Both sides, with express consent of the accused, stipulate and agree that in this case there is no pretrial deal, agreement, or understanding, oral or written, formal or informal, open or hidden, between the accused and anyone. The accused is entering a plea of guilty understanding that he has no agreement with anyone; he is placing himself on the mercy of the Court-Martial; he understands that the Court-Martial may sentence him anywhere from the maximum punishment[4] down to no punishment. Both sides stipulate that the facts contained in this stipulation of fact are conclusively determined; no appellate authority shall seek to go behind these facts; and no affidavits, letters, or any other extra-record matters made subsequent to the date of this stipulation[5] shall ever be used to contradict the terms and facts contained in this stipulation of fact.
[Signature of Trial Counsel]
[Signature of Defense Counsel]
*515Knowing of my right not to stipulate, I hereby freely and voluntarily enter into this stipulation; I freely and voluntarily sign this stipulation; and I freely and voluntarily agree to be forever bound by this stipulation into the future for all time.
[Signature of the accused][6]

Turning now to Appellate Exhibit V, “Waiver of Rights in Guilty Plea Cases,” it is also replete with statements that are either totally incorrect, are subject to substantial and important qualifications, or are capable of deluding appellant to his detriment. These read:

b) That I am subject to the jurisdiction of the court; that the offense committed is also subject to the jurisdiction of the Court;
e) I know that by pleading guilty I do not receive a trial on the issue of guilt or innocence. I know I have the right to such a trial, and I hereby consciously, intelligently and voluntarily waive and give up that right forever in the future;
I hereby give up forever may right against self-incrimination, that is the right to say nothing at all;[7]
I hereby give up forever my right to a trial on guilt or innocence, that is, the introduction of evidence by the government, and the introduction of evidence by myself, should I desire to introduce any, and a decision by the court on the issue of my guilt or innocence;
I hereby give up forever my right to confront and cross-examine witnesses against me;
I hereby give up forever any motion to suppress any evidence;
I hereby give up forever any motion to suppress any pre-trial statements;
I hereby disavow all defenses of any nature. I have discussed all possible defenses with my trial defense attorney, I understand them, and I consciously, intelligently and voluntarily disavow each and every one of them.
[Signature of the accused]

*516The inclusion of the word “forever” in most of the foregoing assertions is, of course, what makes them inherently false and, therefore, repugnant. In some instances the statement is incorrect even when applied to the hearing at hand, much less “forever,” e. g., an accused who pleads guilty does not relinquish his right to say nothing at all during the sentencing portion of his trial and he certainly does have the right to cross-examine adverse witnesses, if any, during that part of the hearing. As to the statement concerning jurisdiction, it is erroneous because it is capable of deceiving an individual into the belief that he has irrevocably conceded jurisdiction when, in point of fact, he cannot legally do so. Additionally, the purported blanket disavowal of all defenses, e. g., statute of limitations and insanity, is absurd on its face to anyone knowledgeable in the law.

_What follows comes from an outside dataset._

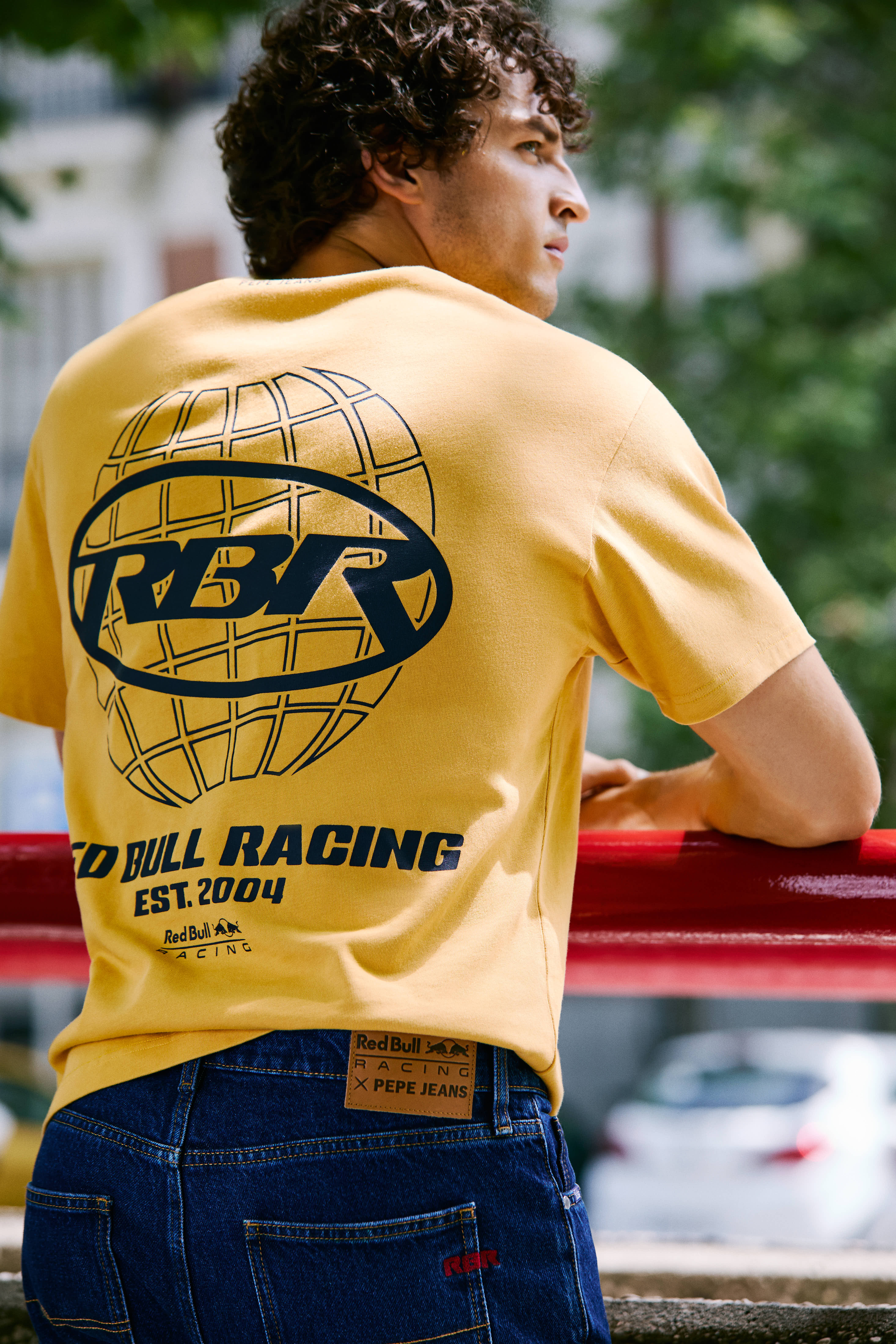 The collaboration brings two worlds together: the fashion expertise of Pepe Jeans London and the motorsport experience of Red Bull Racing. The result is a distinctive look that combines fashion and racing character.

Although these exhibits were offered by the trial defense counsel, the trial judge cannot disassociate himself from responsibility for their contents.8 This is true even assuming he was not instrumental in their preparation (which is a proposition I am unwilling to embrace, although I will accept it for the purposes of this opinion).

Proceeding now to some excerpts from the verbalized portion of the record. At page 23, we find the following:

MJ: Can you tell me then on the record that you will never in the future claim you are innocent of these specifications and the charge?
ACC: I will never in the future claim innocence of any of these charges, sir.

And on pages 26 and 27 this appears:

MJ: . . . Fifth, you give up forever any motions to suppress evidence or any motion of that nature, in the nature of suppression to suppress a pretrial statement, those types of motions are forever given up; and
MJ: Finally, you disavow all defenses. Now, stated another way, you give up almost every right you have except for the issue of jurisdiction in the court-martial.® Do you understand those rights?
ACC: Yes, sir.
MJ: Do you understand you are waiving and giving up those rights forever?
ACC: I understand that, sir.
MJ: Do you want to do that?
ACC: Yes, I do, sir.
MJ: Then state on the record, “I hereby waive my rights forever.”
ACC: I hereby waive my rights forever.

It is at this juncture of the trial that the trial defense counsel offered into evidence Appellate Exhibit V, “Waiver of Rights in Guilty Plea Cases,” which was discussed supra.9 10 Pages 30, 31 and 32 contain these passages:

MJ: You notice that you are not under oath. Even though you are not' under oath, you are forever bound by what you *517say here. You cannot go to your next duty station and make an affidavit or any out-of-court document the contents of which are inconsistent with what you say here, and use if before the appellate courts. Do you understand that?
ACC: I do, sir.
MJ: Even though you are not under oath, the appellate courts will look at no other source in deciding the providency or the improvidency of your plea of guilty. Do you understand that?
ACC: I do, sir.
MJ: Do you understand you are forever bound by what you say here?
ACC: I do, sir.
MJ: Are you willing to be forever bound by what you say here?
ACC: I am, sir.
MJ: Do you understand that many soldiers come into court in a providency hearing, like this that we are having right now, and they say to the court, “I did it. I am guilty.”; then after they are found guilty, they go to their next duty station, and they make affidavits or write letters saying, “I was innocent. I didn’t do it.”? Do you understand that?
ACC: I do, sir.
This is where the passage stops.